# 66 violet stingray. I know, me Stingray?



## fatbike (Sep 29, 2016)

I like it! My first official stingray keeper. I had them past, pass through my hands plenty of times. Never kept them. I was into other bikes. I think it's a 1966' how much I know.


----------



## fordmike65 (Sep 30, 2016)

That's a funny looking Colson


----------



## Jaxon (Sep 30, 2016)

Cool Bike. Looks like it has a 2 speed kick back hub on a 36 spoke rear wheel. Might be a late 65. Post those serial numbers on the left dropout so we can tell.


----------



## Boris (Sep 30, 2016)

So will you be wearing your new Belligerante* colors to the next Lucky Lab ride?
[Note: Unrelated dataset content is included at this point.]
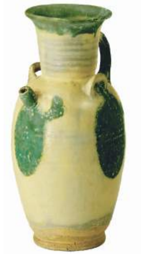
唐代青瓷绿彩斑纹执壶。

*local Portland Stingray club


----------



## fatbike (Sep 30, 2016)

Jaxon said:


> Cool Bike. Looks like it has a 2 speed kick back hub on a 36 spoke rear wheel. Might be a late 65. Post those serial numbers on the left dropout so we can tell.



Yes... Blue band 2spd.


----------



## fatbike (Sep 30, 2016)

Dave Marko said:


> So will you be wearing your new Belligerante* colors to the next Lucky Lab ride?
> 
> *local Portland Stingray club



No Dave, I will not be. No offense Belig.


----------



## fatbike (Oct 1, 2016)

fordmike65 said:


> That's a funny looking Colson



I know right!


----------



## fatbike (Oct 5, 2016)

fatbike said:


> I know right!



Wait a minute, FordMike why are you even looking at a Schwinn Stingray muscle bike category? Ha!


----------